Miscarriages of justice are suddenly front page news. Two in particular are worthy of comment. Terry Gilfoyle has spent 17 years in prison for the murder of his wife, and now Sean Hodgson, who has spent nearly 3o years in prison for the murder of a girl back in 1979. The third, known as the Cardiff Three, has led to the arrest of several police officers for perverting the course of public justice, and in December last year, three witnesses at the original trial back in 1990 were convicted of perjury. In their case, they spent a mere 2 years in prison before their convictions were quashed by the Court of Appeal.

In the case of Hodgson, doubt on his conviction has been cast by new DNA evidence that was not available at his trial, indeed, DNA was a distant pipedream at the time. This has happened in other recent cases where innocent men and women have been wrongly convicted. As far as I am aware, no criticism attaches to the trial process, where the jury must have been sure of guilt on the evidence before them.

However, in the cases of the Cardiff Three and Terry Gilfoyle, different considerations apply. To put it bluntly, the Cardiff Three were allegedly “fitted up” by incompetent, or worse still, corrupt police officers, and amazingly, nobody spotted it, or if they did, chose to ignore it. This is all the more surprising when the Lord Chief Justice, quashing the convictions two years later, described the police techniques as “almost passing belief.” So why didn’t the trial judge spot what was in front of his nose? And more to the point, why didn’t the Crown Prosecution Service?

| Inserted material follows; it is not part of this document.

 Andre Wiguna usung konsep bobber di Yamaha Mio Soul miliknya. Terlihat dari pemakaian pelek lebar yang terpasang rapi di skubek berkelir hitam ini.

In Gilfoyle’s case, and thanks to investigative journalism by The Times, the time of his wife’s death was recorded by a doctor and deliberately withheld from the defence at the trial. If disclosed and accepted by the jury, it would have given him a cast iron alibi.

I cannot comment further on these two cases, as they are sub judice and I would not wish to prejudice the outcome of any inquiry. But these two cases throw into sharp focus the relationship between the police, as investigators, and the CPS as prosecutors. In an ideal world, and it’s in the manual, the CPS should act as ministers of justice, whose function is not to secure a conviction, but to place ALL the evidence, good, bad and ugly, into the public arena. Thereafter, they can pick and choose what evidence to call during the trial, but they cannot, and must not, pick and choose what evidence they will disclose. Again, it’s in the manual.

In the days when I used to prosecute for the CPS, I never felt comfortable about their relationship with the police. Instead of following the manual, all too often they saw themselves as supporting the police, warts and all. Worse still, I was often shown documents described as “confidential – not to be disclosed to the defence”, and I couldn’t for the life of me see why not, so I disclosed them. Needless to say, my “favourite son” status was short lived, the more so when I questioned the merits of the case from the outset, and did my best to secure an acquittal.

Above all, if prosecutions are tainted by partiality, and convictions rendered unsafe as a result, it undermines public confidence in the entire criminal justice system, and places an intolerable burden on the jury to put right injustices and potential miscarriages of justice that are no part of their function. In short, it becomes a lottery, and that has no place in a civilised society.